昭和基地、南極ゴジラ0(ゼロ)号事件

日本で知られている南極の怪物としては、1958年(昭和33年)2月13日に昭和基地沖のリュツォホルム湾で観測船「宗谷」に目撃された「南極ゴジラ」が有名である。

その南極ゴジラは海で泳ぐ姿の目撃談だが、実は前年(1957年2月~)に開始された第一次南極越冬隊に目撃された、陸上を歩き昭和基地に迫った別のゴジラのような巨大怪獣への目撃談がある。




昭和基地に巨大怪獣が歩いて迫り来る恐怖は、後のテレビ映画『ウルトラQ』の怪獣ペギラの南極基地襲撃を彷彿とさせる。なお、当時の越冬隊は、ペギラ攻撃に流用されたような観測用ロケットは、まだ持ち込んでおらず、武器に使えるものはライフル銃しかなかった。

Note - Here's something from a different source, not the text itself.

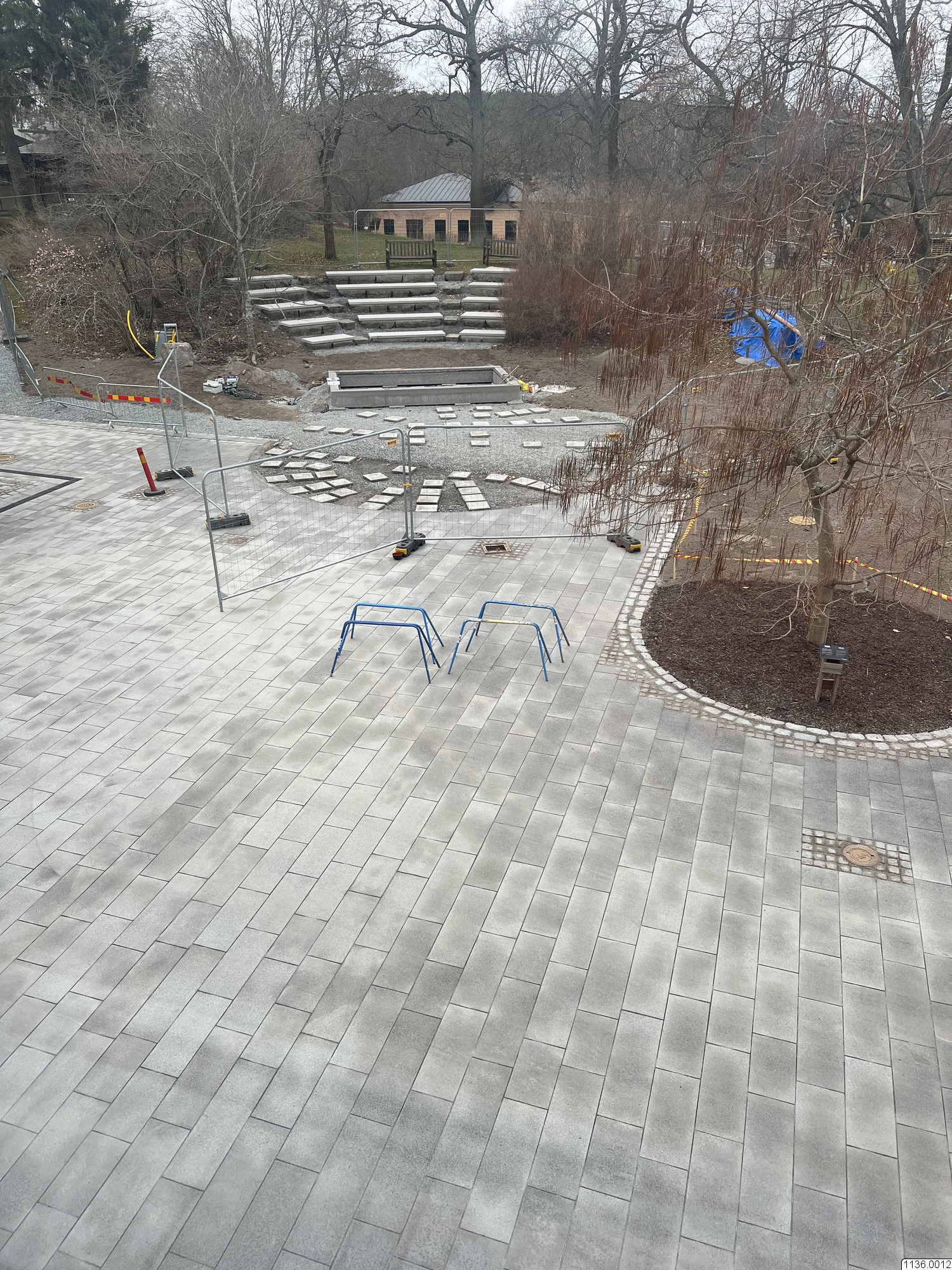 Byggarbete pågår utanför Etnografiska museet inför anläggandet bland annat av en parkscen.

今年(2016年)は『ウルトラQ』放送から50周年。これを機会に実際にあった巨大怪獣事件を報告しておきたい。

帰国した第一次越冬隊員による「アサヒグラフ(臨時増刊1958)」(発行=1958年4月25日、朝日新聞社)掲載の『一年間の南極ぐらし・越冬隊員の座談会』に報告されている。

発言は、地質・犬ゾリ担当の菊池徹隊員である。




《怪獣あらわるというのがありましたネ。前世紀の、ゴジラみたいなでかいのが、のこのこ基地の方へ歩いてくる。みんなで大騒ぎしたんですが、いくらたって も近寄ってこない。動く動くというから、測ったら動いていないというし……とどのつまりは、大陸にでている露岩が、シンキロウで動くように見えたという結論になりました。》

以上で全文である。

南極で体験した七不思議に関する発言のうちの一つだが、日本への帰国後の回想だから、苦笑の対象になっている。しかし、学者や技術陣が大騒ぎとなったのだから、正体が判明するまでは緊迫したのであろう。

私は、宗谷の「南極ゴジラ」目撃に先行するこの怪物を「南極ゴジラ・0(ゼロ)号」と仮称し分類したい。約60年前の他の隊員の手記などに、さらなる記載があれば御一報願いたい。